The two blog posts linked to above describe the problem in detail, but here’s a quick overview. In the Internet Sales fact table in Adventure Works each row represents a line item on an invoice, and each line item has an Order Date (ie the date the order was received) and a Ship Date (ie the date the order was shipped to the customer). We would like to know, on any given date, how many invoice line items are part of orders that have been received but not yet shipped and so have an Order Date before that date and a Ship Date after that date.

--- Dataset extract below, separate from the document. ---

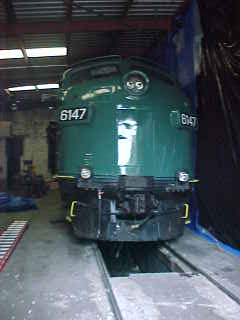 Inside the shop was Stone Mountain Railroad FP7A 6147, ex. Stone Mountain 3499, exx. Southern 3499, nee Cincinnati, New Orleans and Texas Pacific 6147 built by Electro-Motive Division in 1950.

The key to being able to solve this problem in SSAS and MDX is how you model the data – my previous difficulties were down to the fact that I had the obvious way of modelling it, with one measure group having regular relationships with an Order Date and a Ship Date dimension, fixed in my head. However if you take a completely different approach the problem becomes easy, and here’s my worked solution using the Adventure Works data:

First of all I created my cube with one Date dimension and two measure groups, both based on the Internet Sales fact table:

image

image

Since BIDS won’t let you build two measure groups from the same table in the DSV, I created a named query that duplicated the Internet Sales fact table and used that as the basis of the Ship Dates measure group. Both the Order Dates Count and Ship Dates Count have AggregateFunction set to Count, and the Date dimension joins to Order Dates on OrderDateKey and Ship Dates on ShipDateKey.

I then created the following calculated measures:

CREATE MEMBER CURRENTCUBE.MEASURES.OrderedToDate AS
    SUM(NULL: [Date].[Calendar].CURRENTMEMBER,
        ([Measures].[Order Dates Count]));

CREATE MEMBER CURRENTCUBE.MEASURES.ShippedToPrevDate AS
    SUM(NULL: [Date].[Calendar].CURRENTMEMBER.PREVMEMBER,
        ([Measures].[Ship Dates Count]));

CREATE MEMBER CURRENTCUBE.MEASURES.OrderedNotShipped AS
MEASURES.OrderedToDate – MEASURES.ShippedToPrevDate;

The first, OrderedToDate, gives the total number of line items ordered from the beginning of time up to the current date. The second, ShippedToPrevDate, gives the number of line items shipped from the beginning of time up to the date before the current date. If we subtract the second value from the first, as we do in the OrderedNotShipped measure, we can therefore find the number of line items have been ordered but not yet shipped on any given date:

image

image

And it’s pretty fast, too – certainly much faster than any other solution I’ve tried before in SSAS. There’s one obvious catch here though, and that is that you have to load the data from your fact table into your cube twice. What if you have a really large fact table, and doubling your processing time and storage in this way is not an option? Well, stay tuned for part two when I’ll show you a trick to avoid doing this and only use one measure group.

Written by Chris Webb

January 21, 2011 at 12:00 am

Posted in Analysis Services, MDX

29 Responses

Subscribe to comments with RSS.

  1. Well done!
    After all, also you will join us in the “Model first” mantra…

    Marco Russo

    January 21, 2011 at 12:07 am

  2. When facing a similar problem concerning student enrollment counts based on a start and end date, we were forced to pre-aggrigate on each possible day in a cube to accomplish this. Our approach really bloated the cube, I’m thinking this could really help with some performance issues, Thanks and looking forward to part 2!

    Trev Swarm

    January 21, 2011 at 2:31 am

  3. Nice. Lots of problems get solved eeasier in the model than in MDX :)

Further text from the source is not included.